メキシコのネオ・プログレッシヴ・ロック・グループ「CODICE」。 95 年結成。 2002 年現在の作品は一枚。 唯一作は、ネオ・プログレ系には珍しく、本格的なクラシカル・シンフォニック・ロックの逸品。 グループ名は「古文書」の意。 (英語では Codex、"Vatican codex" のアレです)
| Luis Maldonado | vocals |
| Arturo Garcia | bass |
| Mario Mendoza | keyboards |
| David Martinez | drums, percussion |
| Marco Corona | guitars, keyboards, bass on 2 |
99 年発表のアルバム「Alba Y Ocaso」。
ヴァラエティに富む曲想とクラシカルなサウンドが結びついたシンフォニック・ロックの傑作。
透明感あるキーボードを主に、アコースティックな音でアクセントをつける作風は、まず荘厳であり、品格がある。
演奏の安定感と、明暗/攻守などの曲想のバランスと語り口のよさという点で、90 年代の作品の中では、群を抜いた内容といえるだろう。
GENESIS、EL&P(ベタなモダン・ジャズ調含め)風のプレイも散りばめられたヘヴィかつメロディアスなバンド演奏と、透明感ある女性ヴォーカルなどは、いかにもネオ・プログレ調(ギターやキーボードはモロなプレイも多い)なのだが、それを補って余りあるのが、キーボードの豊かな音色と巧みな音響処理、本格的なアコースティック楽器によるクラシック・アンサンブル、そして全体的なストーリー・テリングのうまさだろう。
ハードロック、ジャズ、クラシック、ポップスなど、一つの曲の中でも多様な変転を繰り返すのだが、それがきわめて自然に聴こえる。
これは、卓越した作曲/アレンジ力によるものだ。
楽曲/アルバム構成という面でも、強引さや不自然さを全く感じさせない、みごとな流れをもっている。
演奏面で特筆すべきは、ベーシストが担当するアコースティック・ギター。
王道的でみずみずしさもあるすばらしい演奏で、アルバム全体の気品ある色合いをキープしている。
たとえていうなら、ロック・オーケストラの中に、さらにもう一つ小さなオーケストラがあるようなイメージである。
そして、メロディ・ラインには、中南米らしさを越えて、遠くギリシャ・ローマにすら思いを馳せさせる、たおやかなラテン・エキゾチズムもある。
官能的な潤いはあるのだが、甘過ぎない。
つまり、プログレとしてのツボを外さないしていないということだ。
現代のプレイヤーにしては、フュージョン色がほとんどなく、70 年代プログレ風味とともにハードロックとクラシックの素養が強く感じられるのも、中南米のグループとしては特徴的だ。
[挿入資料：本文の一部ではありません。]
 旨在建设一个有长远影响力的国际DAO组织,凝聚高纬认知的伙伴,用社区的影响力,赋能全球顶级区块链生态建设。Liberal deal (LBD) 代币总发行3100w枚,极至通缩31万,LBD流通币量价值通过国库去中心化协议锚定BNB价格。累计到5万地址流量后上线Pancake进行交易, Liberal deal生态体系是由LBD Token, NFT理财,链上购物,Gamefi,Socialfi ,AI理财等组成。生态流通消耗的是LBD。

これは、SOLARIS や AFTER CRYING らとも通じる音楽性である。
さらに、EL&P 風のシンセサイザーが高鳴る場面では、アルゼンチンの NEXUS をも思い出してしまう。
オーソドックスにして活きがよく、語り口もなめらかとくれば、文句のつけようがない。
問題があるとすれば、全体の水準が平均的に高いせいか、初めて聴いたときにドキっとするような、または耳をぐいっと惹きつけるような際立つものが感じられないこと。
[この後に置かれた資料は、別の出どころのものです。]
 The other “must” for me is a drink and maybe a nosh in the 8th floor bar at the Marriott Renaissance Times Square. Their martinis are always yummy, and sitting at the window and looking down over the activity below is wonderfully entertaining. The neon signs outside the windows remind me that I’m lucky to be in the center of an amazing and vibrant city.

もちろんこれは、奇を衒うようなところがない、バロックなところがないという意味でもあり、繰り返し耳になじませることによってどんどん味わいが深まってゆくタイプということです。
古典への傾倒を、爽やかな若々しさのうちに昇華した好作品。
CD 二枚組で、二枚目は 50 分以上にわたるインスト主体の超大作。
厳かなグレゴリアン・シャントからチャーチ・オルガン、シンセサイザーのファンファーレ、TANGERINE DREAM 真っ青のシーケンス、そして、バンクス直系の 4+3 オスティナートまで、プログレ・ファンの経典的傑作。
一枚目最終曲の鎮魂歌は、ハマると最高です。
クラシカル・ロック・ファンにはお薦め。
SAGRADO、DOGMA といった南米ロックの涼感もある。
ヴォーカルはスペイン語。
レメディオス・バロとギーガーがまざったような邪悪なジャケットも、なかなかいいのでは。